213: Guest Writer Frederick Buechner showcases a gem from “Yellow Leaves”


O
nce a week, we often share with you spiritual gems from popular writers. We’ve showcased many guest writers, including Gail Hayes, Judy Gruen, Father Donald Vettese, a story about Nobel Prize-winner Wangari Maathai and others.
   Today, we have been invited to share with you a piece by the great spiritual memoirist Frederick Buechner, called “The Laughter Barrel” about a catalytic meeting with Maya Angelou. We’re offering this piece today as an example of the gems collected in Buechner’s new collection, “The Yellow Leaves.”
   Here is …

THE LAUGHTER BARREL
By Frederick Buechner

   My first meeting with Maya Angelou took place at the Trinity Institute in New York City where we had been invited to come and in effect tell our stories before a large audience of Episcopal clergy who were there more or less to have their batteries recharged. I no longer remember how it was I went about it — I think I may have read from one of my books — but one way or another I described something of my background and told how despite having grown up in a family without any interest in religion in general or church in particular I found myself little by little so drawn to the Christian faith I knew almost nothing about that in my middle twenties I enrolled at Union Theological Seminary in its heyday and was eventually, to nobody’s surprise more than my own, ordained as a Presbyterian minister.
   After I finished, the same man who had introduced me proceeded to introduce Maya Angelou. They would now hear from her, he said, a very different story from the one they had just heard from me, and he had every reason to believe such would be the case. She was a woman, and I was a man. She was black, and I was white. Though my family was often hard pressed for money those Depression years, in comparison with her I had grown up in the lap of luxury, always living in pleasant places and going to good schools whereas she had been brought up by her grandmother in the rear of the black people’s store she ran in Stamps, Arkansas, during the worst days of red-neck racism.
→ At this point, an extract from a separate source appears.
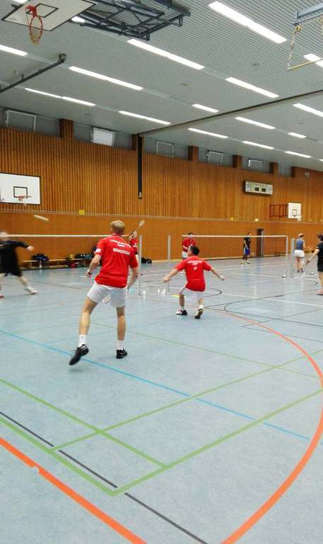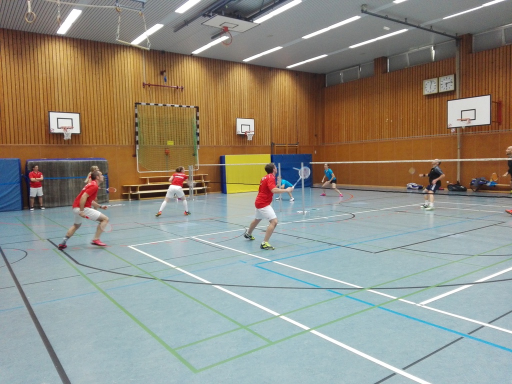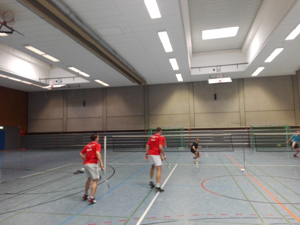 So ging es bereits sehr gut für uns Los. Mit einem 3:0 Vorsprung ging es ins erste Herrendoppel (Michael Pütz u. Benedikt Weidner vs. Matthias Böing u. Thomas Faber) und dem dritten Herreneinzel (Torsten Heinze vs. Alexander Heinrichs) weiter. Im ersten Herrendoppel sah es anfangs durchaus so aus, als ob unsere Herren es ziemlich schwer haben würden etwas Zählbares mitzunehmen. Die Gegner erspielten sich anfangs sehr stark viele Punkte und Michael und Benedikt schauten zu. Dann drehten sie richtig auf, nahmen den besten Spieler der gegnerischen Paarung nahezu komplett aus dem Doppel und konnten am Ende sehr knapp mit 21:19 gewinnen. Im zweiten Satz spielten sie genauso weiter und gewannen souverän mit 21:14. Torsten hatte in seinem Einzel gegen seinen Gegner anfangs ein paar Probleme konnte, aber dennoch durch eine sehr gute Spielweise mit 21:16 gewinnen. Mit hohen Zielen ging er in den zweiten Satz (er wollte diesen Satz unbedingt mit unter zehn Punkten gewinnen). Leider wurde dieses hohe Ziel knapp verfehlt, doch am Ende gewann er sehr stark mit 21:11. So war der Sieg schon in trockenen Tüchern und nahezu gleichzeitig kam die Nachricht, dass die zweite Mannschaft 5:3 in Kreuzau gewonnen hatte.

But even as Fred Burnham was saying how different our two stories had been, I could see her shaking her head from side to side, and when she took her place at the lectern the first thing she said was that he was wrong.
    “No,” she said. “Frederick Buechner and I have exactly the same story.”
    She was right, of course. At the deepest level the story of any one of us is the story of all of us. We all have the same dreams, the same doubts, the same fears in the night. Her words brought sudden tears to my eyes.
    And then she went on with her talk whose title if I remember rightly was “The Accessibility of God,” and I remember the way she drew the word “accessibility” out to its full length so that each of its six syllables got its full due.
    She was an extraordinary woman to behold, larger than life, with a smile that lit up the room and the dignity of a queen. Elegantly dressed with strings of beads around her neck and on her head a turban of brightly dyed African cloth, she made it clear right away that she was going to go wherever her heart took her. If it seemed the right thing to do, she would suddenly break into a scrap of song or spiritual in a voice that welled up out of the deepest truth of who she was. Sometimes, if she thought it fitted in, she would tell a story or recite a poem. At one point she told us something about slavery days that I had never come across before.
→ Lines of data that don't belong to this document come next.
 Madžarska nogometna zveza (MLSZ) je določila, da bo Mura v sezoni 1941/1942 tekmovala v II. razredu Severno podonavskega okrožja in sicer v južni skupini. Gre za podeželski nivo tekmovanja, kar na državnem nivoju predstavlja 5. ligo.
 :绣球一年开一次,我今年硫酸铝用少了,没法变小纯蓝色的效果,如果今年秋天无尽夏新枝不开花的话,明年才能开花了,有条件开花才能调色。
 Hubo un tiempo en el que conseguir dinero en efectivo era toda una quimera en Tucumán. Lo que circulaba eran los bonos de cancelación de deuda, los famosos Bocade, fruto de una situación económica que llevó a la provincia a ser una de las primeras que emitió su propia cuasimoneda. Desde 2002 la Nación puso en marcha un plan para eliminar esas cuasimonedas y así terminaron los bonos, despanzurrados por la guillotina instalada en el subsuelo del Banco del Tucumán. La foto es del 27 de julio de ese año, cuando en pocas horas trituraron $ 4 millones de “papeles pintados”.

   On certain plantations, she said, it was forbidden for slaves to laugh as they worked, presumably because the masters were afraid that if it ever turned into laughter at them, the whole system might start to crumble. But if they couldn’t contain themselves, she said, what they would do was go over to some barrel that was standing around and under the pretext of looking for something reach down into it as far as they could and let great peals ring out where nobody could hear them.
   At the opening worship service earlier in the day there had been a procession of church dignitaries, and she continued by saying that as they had come parading down the aisle rigged out in their most elaborate ecclesiastical vestments and regalia, she had had an almost irresistible urge to duck off into some out-of-the-way corner somewhere — and at that point she interrupted herself by bending over double and letting fly with a cascade of laughter that no one who heard her is every likely to forget.
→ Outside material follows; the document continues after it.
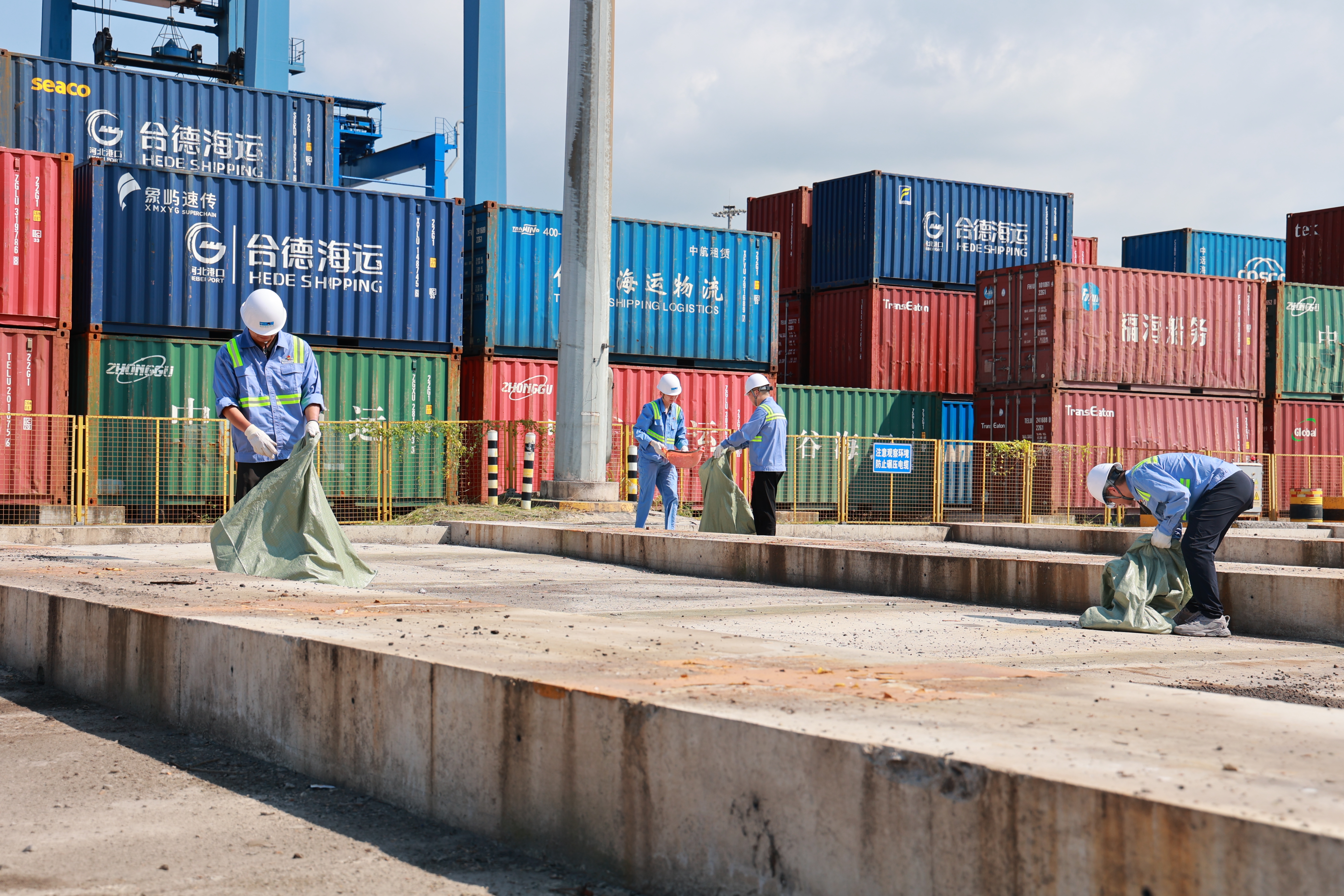 本次活动重点针对港区泊位堤坝及集装箱堆场周边的杂草和零星垃圾进行集中清理。活动现场,志愿者们充分发扬不怕脏、不怕累的奉献精神,分工明确,干劲十足,利用铁锹、镰刀、扫帚等工具,仔细清除杂草,认真清扫捡拾各类废弃物。经过大家的共同努力,目标区域的卫生环境得到了显著改善,面貌焕然一新。

   Years later I stayed with her for a few days in Winston-Salem, North Carolina, where she had a many-roomed house filled with art she had collected or been given over the years together with photographs of friends like Nelson Mandela and James Baldwin and Oprah Winfrey, and shelf after shelf of books. She also had a number of other African Americans helping run things for her there, but never for an instant did she treat them like servants, addressing them always as Mrs. Thomas, Miss Stuckey, Mr. Miles, just as they always addressed her as Dr. Angelou. It was as if they were all of them trying to make it up to each other for all the years they had been treated like dirt.
   Toward the end of the day I was thinking of going to my room for a nap before dinner but somehow or other found myself instead sitting with her in a little gazebo overlooking her garden, and with the spring afternoon soft and fragrant about us, I listened to her talk as randomly and easily as she had at the Trinity Institute while we sipped the scotch that Mrs. Thomas kept us supplied with. She is as good a listener as she is a talker, but I kept mostly silent so as not to interrupt her wonderful, lazy progress from one thing to another.
   She seems able to quote by memory from virtually everything she has ever read, and somewhere along the way apropos of I’ve no idea what, she recited a poem by Edna St. Vincent Millay, titled “Conscientious Objector,” which moved me deeply.
    And then, “I believe I’ll have just one more, Mrs. Thomas,” she said, “only this time don’t bother with the ice and water, dear,” and heaven only knows what she turned to next, or what I did, though I do remember that at some point she said in a slow, pensive way as if it was only then occurring to her that she believed that, given the chance, we could be real friends. I replied that I thought we were that already, but she said, “No, I mean real friends,” and if we didn’t live so many miles apart, and if she wasn’t so busy being a celebrity and I being whatever I am, I think she may have been right.
   In any case as we sat there I had the feeling that even if we never set eyes on each other again, in some soft, shadowy way we had left a lasting mark on each other. For a few moments, with the dusk beginning to gather, our two stories merged like raindrops on a window pane.